Work to be completed ->
Leave the pictures out and restate every line below exactly.

Supplied information ->
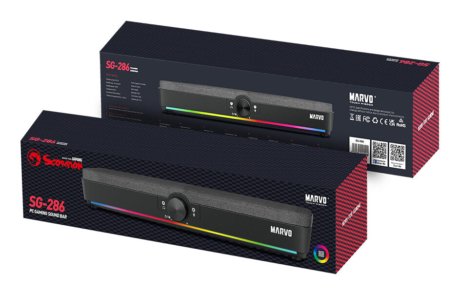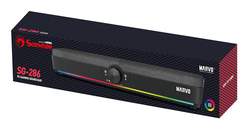 Enhance your visual experience as well with the built-in 7-color RGB lighting on the Marvo Scorpion SG-286. Transform your space with dynamic lighting effects that sync with your audio, creating a captivating ambiance for your entertainment sessions. Whether you're hosting a movie night or gaming with friends, the RGB lighting adds a touch of excitement to your environment.
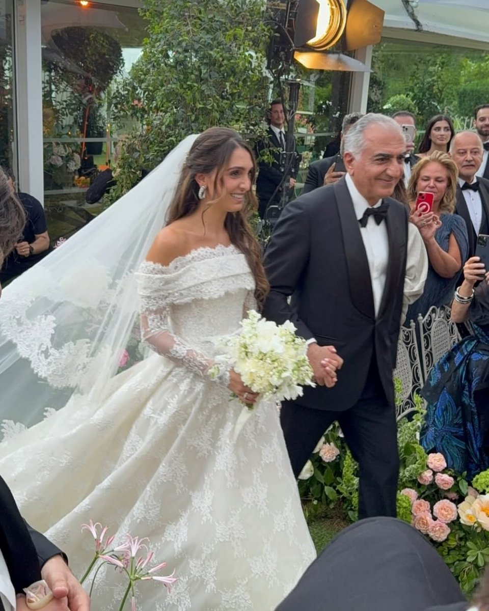 Η κόρη του πρίγκιπα Ρεζά Παχλαβί και της πριγκίπισσας Γιασμίν Παχλαβί φόρεσε ένα αέρινο, στράπλες νυφικό Elie Saab με αποσπώμενα μανίκια, ενώ ο Αμερικανός σύντροφός της επέλεξε ένα μαύρο σμόκιν για τη μεγάλη μέρα.
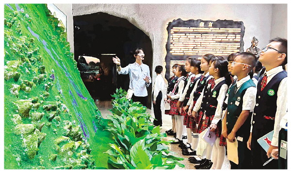 小记者们在研学导师的带领下了解甑皮岩文化。 (朱丽珍 摄)
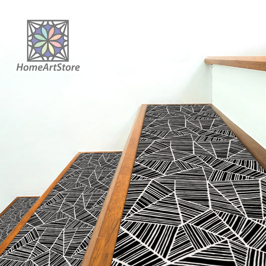 Black and White Geometric Stair Rugs, Boho Style Stair Tread Carpet, Stylish Stair Mats, Minimalist Decor

Result ->
 Enhance your visual experience as well with the built-in 7-color RGB lighting on the Marvo Scorpion SG-286. Transform your space with dynamic lighting effects that sync with your audio, creating a captivating ambiance for your entertainment sessions. Whether you're hosting a movie night or gaming with friends, the RGB lighting adds a touch of excitement to your environment.
 Η κόρη του πρίγκιπα Ρεζά Παχλαβί και της πριγκίπισσας Γιασμίν Παχλαβί φόρεσε ένα αέρινο, στράπλες νυφικό Elie Saab με αποσπώμενα μανίκια, ενώ ο Αμερικανός σύντροφός της επέλεξε ένα μαύρο σμόκιν για τη μεγάλη μέρα.
 小记者们在研学导师的带领下了解甑皮岩文化。 (朱丽珍 摄)
 Black and White Geometric Stair Rugs, Boho Style Stair Tread Carpet, Stylish Stair Mats, Minimalist Decor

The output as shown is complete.